Prêts à s’enflammer les marseillais? Pas si sûre. Ils en pensent quoi de MP2013, eux les premiers concernés? Avec cinq bons points de vie encore en ma possession, je fais un double-six et pars à la rencontre de l’autochtone. Rendez-vous au chapitre 6.

Chapitre 4: ta mère le château

Après deux heures de marche en Converse sur les caillasses de Montredon, je décide de faire une pause. Une Lucky Strike me fait de l’œil, je l’allume nonchalamment en pensant que la mer, mais qu’elle est belle, mais qu’elle est belle mais qu’elle est bleue, c’est dingue. Bien ravigotée par cette communion avec la nature, je tèj mon mégot et reprend ma rando. Malheureusement, mon Dieu bonneuh mèreuh, un incendie se déclare et m’accule – du coup j’avance ou je recule? – au bord de la falaise. J’ai le choix entre mourir immolée façon merguez provençale ou sauter en espérant des fonds cléments. Je jette les dés. Je fais un minable 3. Je saute donc, jette un dernier coup d’œil au château d’If. Si maman si, si maman tu voyais ma vie. Ma mort à Marseille. Fin de l’aventure. Game Over.

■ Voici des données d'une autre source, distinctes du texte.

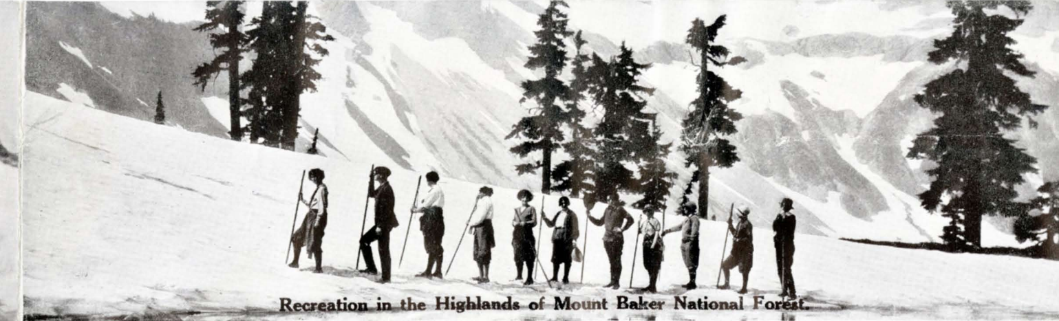
Recreation in the Highlands of Mount Baker National Forest.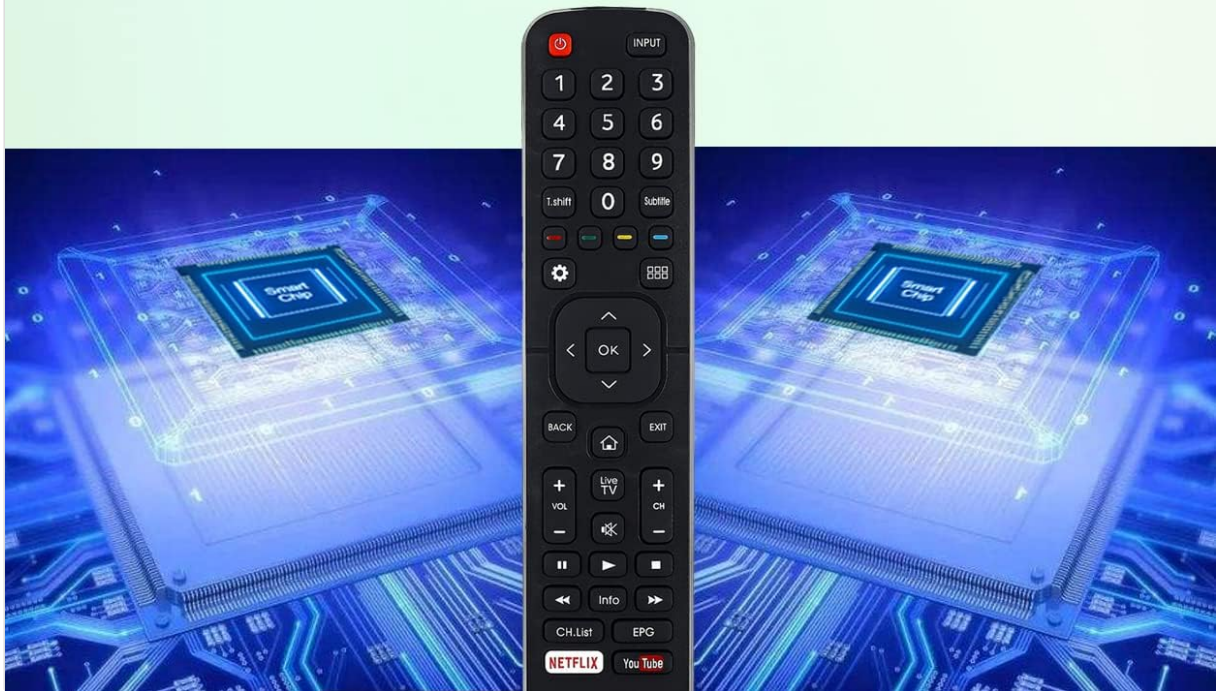
Image: The JISOWA replacement remote control, highlighting its features such as sensitivity, durability, stable signal, precise control, and the absence of programming requirements. This image illustrates the ease of use and reliability of the device.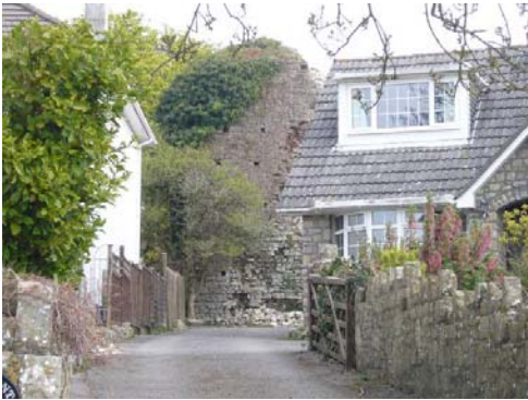
Malifant Castle Walls.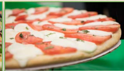
Plum Tomato Mozzarella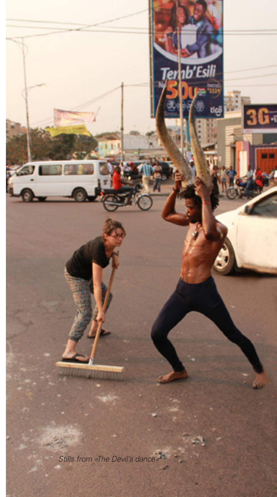
Stills from «The Devil's dance»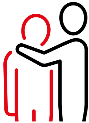
3. Build connection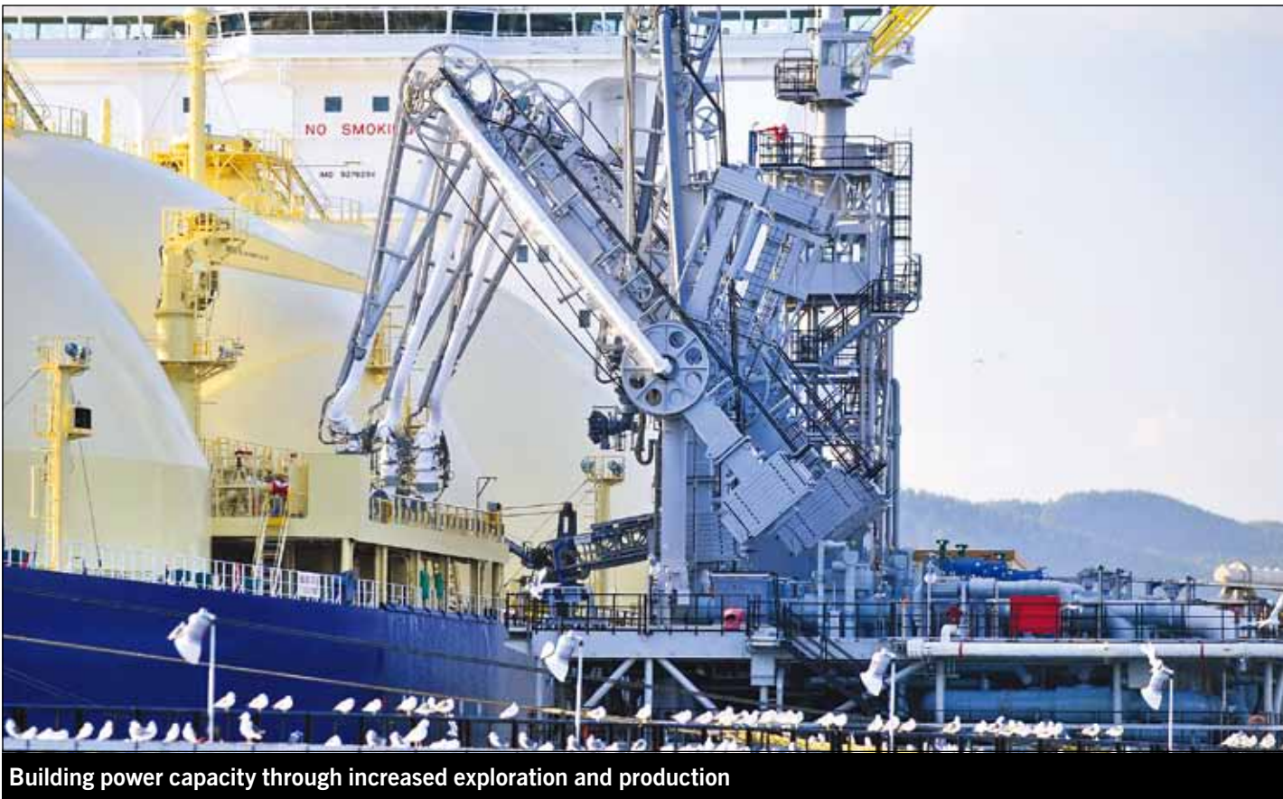
Building power capacity through increased exploration and production

With around 70 employees, Midwestern operates one marginal field in Nigeria and currently averages around 12,000-15,000 barrels of oil per day. The company, which provides health and education services, and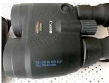
Fig. 3 & 4: The Bushnell (top) and stabilized Canon (bottom) binoculars each have 50mm front lenses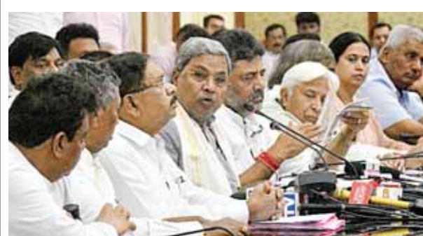
Karnataka Chief Minister Siddaramaiah and his deputy DK Shivakumar and cabinet colleagues during a cabinet meeting in Bengaluru on Friday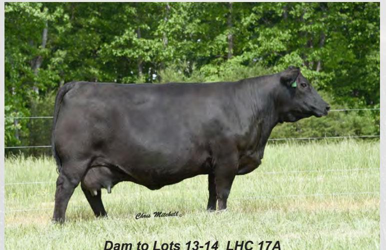
Dam to Lots 13-14 LHC 17A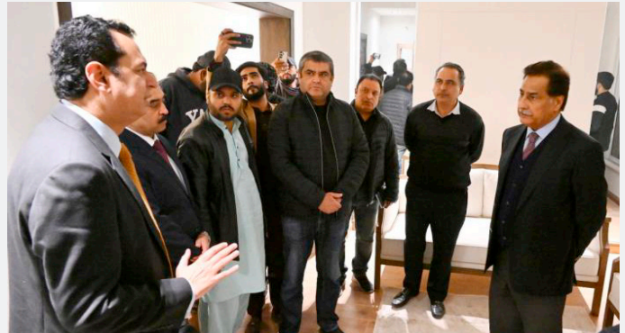
Islamabad, 06th January 2026: Speaker National Assembly, Sardar Ayaz Sadiq, inspecting the construction work of the New Parliament Lodges Project.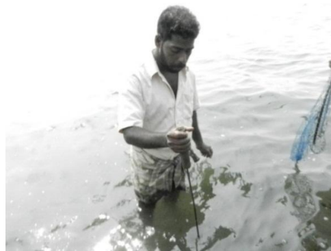
Fig. 3. Use of crab piercer by fishermen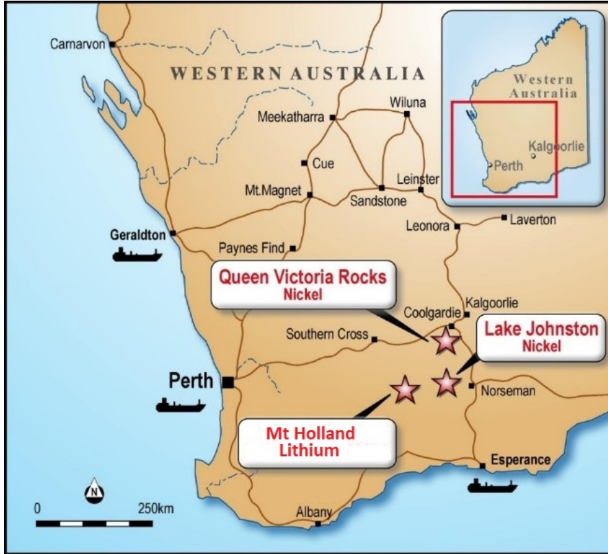
Figure 1: Location Map showing Hannans’ Forrestania Project (adjacent to Mt Holland Lithium) and Queen Victoria Rocks Project and Lake Johnston Joint Venture Project (Hannans free-carried)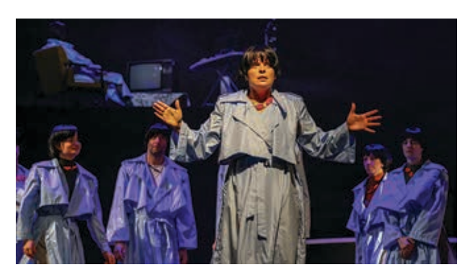
The play Trenutak pre zasićenja

As a consequence of the closure imposed by the COVID-19 pandemic, the culture sector as well as cultural workers have been much affected in previous months, so we supported the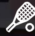
Indoor Squash Court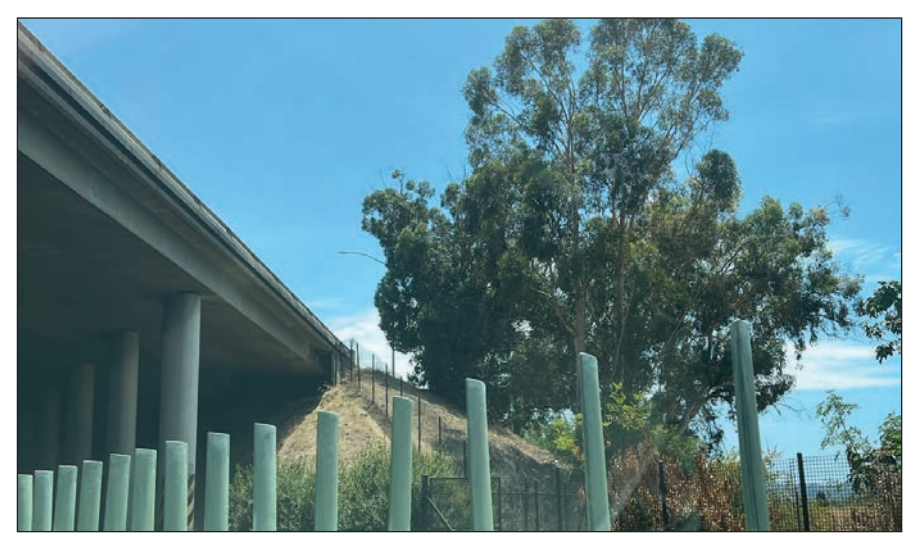
FF-25: I-405 South Lanes at Victory Boulevard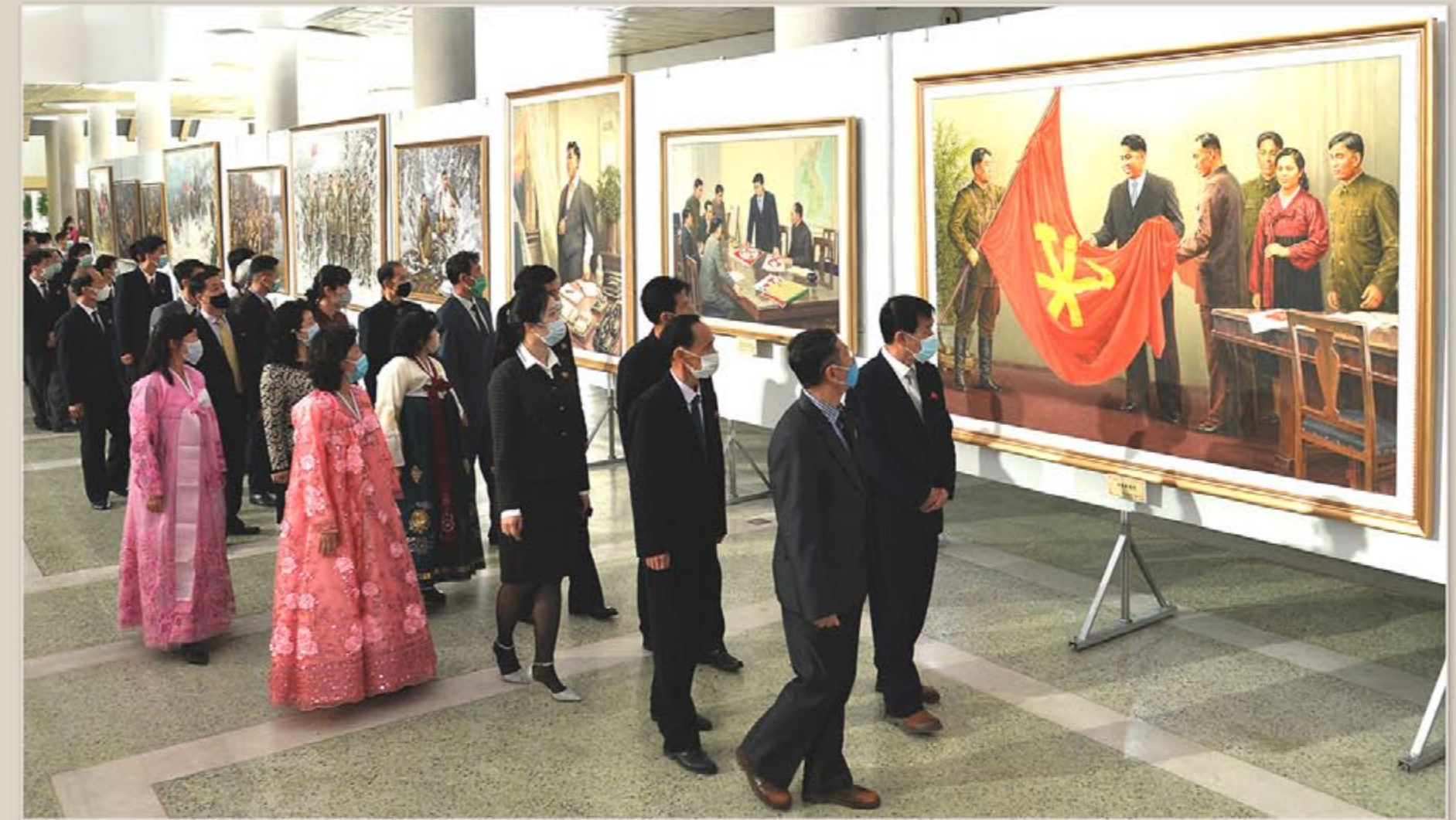
National art exhibition

All the Korean people celebrated the 75th birthday of the Workers' Party of Korea significantly.

INTERMISSION Fin de l’épisode I (la suite la semaine prochaine)

Illustration pour Gonzaï : Styli Boc


[1] Marseille-Provence 2013 comprend  97 communes sur un territoire qui va d’Arles à Toulon.
[2]
http://www.leravi.org/spip.php?article1244
[3]
http://www.leravi.org/spip.php?article1244
[4]
Direction de l’aménagement du territoire
[5]
http://upr-marseille.com/un-enjeu-capitale-marseille-provence-2013/

8 commentaires

  1. Ouh la, comme c’est bien senti tout ça : papier documenté, analyse et point de vue à la marge de ce que nous servent les médias sur le sujet actuellement. Sans parler du style. Vivement la suite.

  2. Vous n’avez décidément rien compris à Marseille. Y’a que du vide dans cet article (à part lorsque vous citez Grésillon) et une condescendance parisianniste particulièrement détestable.